Story-filled, image-rich, and grounded in history, Holland’s radiant cookbook is a tour de force. She offers dishes centered in local, seasonal ingredients that draw upon culinary touchstones of Black culture, plus profiles of the people who make, grow, brew, harvest, and cook the ingredients so central to her mix of heritage, flavor, and sustenance. This constellation of content is as vital to read as to cook from. Bake the Gravenstein apple hand pies.
Martínez, Rick. Mi Cocina: Recipes and Rapture from My Kitchen in Mexico. Clarkson Potter. ISBN 9780593138700.
Part cookbook, part travelogue, Martínez’s book details the seven regions of Mexico and their cuisine, with bright and welcoming recipes, photography, and stories. Beyond the dishes, those who read cookbooks for pleasure will especially appreciate Martínez’s reflections on authenticity and migration, quest to bring his favorite fare to home cooks, and account of a road trip across Mexico. Make the esquites.
Massaad, Barbara Abdeni. Forever Beirut: Recipes and Stories from the Heart of Lebanon. Interlink. ISBN 9781623718534.
This gorgeous ode to Lebanon provides a glimpse of the country and its famous cuisine. It was created in part to preserve Lebanon’s culinary heritage, and thus offers 100 classic recipes, delivered with history, personal narratives, and lavish photography. Cookbook readers, armchair travelers, food historians, and home chefs will delight. Try the moghrabiyeh.
Pons, Andrea. Mamacita: Recipes Celebrating Life as a Mexican Immigrant in America. Princeton Architectural. ISBN 9781648961717.
In this deeply personal and reflective offering, Pons shares three generations of her family’s recipes, creating a collection of essential dishes from Mexico. Appetizing traditional dishes, simplified for busy home cooks, are paired with Pons’s immigration story in this unique and resonant offering. The book is designed with both cooking and reading in mind, and each easy-to-follow recipe is accompanied by a preface that provides context and hints. Try the molletes.
Schmitt, Sally. Six California Kitchens: A Collection of Recipes, Stories, and Cooking Lessons from a Pioneer of California Cuisine. Chronicle. ISBN 9781797208824.

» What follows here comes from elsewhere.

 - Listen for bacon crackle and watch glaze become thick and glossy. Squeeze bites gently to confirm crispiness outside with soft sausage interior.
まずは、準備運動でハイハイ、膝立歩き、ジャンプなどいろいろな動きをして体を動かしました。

Schmitt, cofounder of the original French Laundry and a pioneer of California cooking, penned this exquisite debut cookbook in her 90th year (she died in March). It is a book of rigor and delight, filled with stories, photos, and recipes drawn from every place she has cooked. The offerings are eclectic and somehow electric too, from cheese drop-biscuits to cauliflower soufflé with browned butter. Make Schmitt’s peach chutney.
Serpico, Peter. Learning Korean: Recipes from Home Cooking. Norton. ISBN 9781324003229.

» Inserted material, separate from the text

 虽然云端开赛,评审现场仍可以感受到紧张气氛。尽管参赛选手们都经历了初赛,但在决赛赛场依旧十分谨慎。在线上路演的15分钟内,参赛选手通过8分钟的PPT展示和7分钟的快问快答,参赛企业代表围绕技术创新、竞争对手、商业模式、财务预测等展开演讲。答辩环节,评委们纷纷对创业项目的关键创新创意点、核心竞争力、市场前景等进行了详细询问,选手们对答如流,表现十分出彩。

Join a James Beard Award–winning chef on his journey to discover his heritage through food, with dishes that reflect the traditions of Korean cooking but also provide unique interpretations and support home cooks with simpler preparations. Serpico delivers this food as he feels it should be eaten: from the heart of a kitchen, made with love. His own kitchen is a place readers will want to visit again and again. Sample the whole BBQ chicken with glaze.
Voloshayna, Anna. Budmo!: Recipes from a Ukrainian Kitchen. Rizzoli. ISBN 9780847872565.
This informative and delicious glimpse into the culinary history and culture of Ukraine offers warm rustic recipes and beautiful photography. Cooks will delight in reading Voloshayna’s childhood memories and learning more about Slavic foodways. The cookbook delivers a glimpse into the kitchens of this wartorn land, offering, as all good meals do, a touchstone for connection. Try Voloshayna’s recipe for buckwheat soup with wild mushrooms.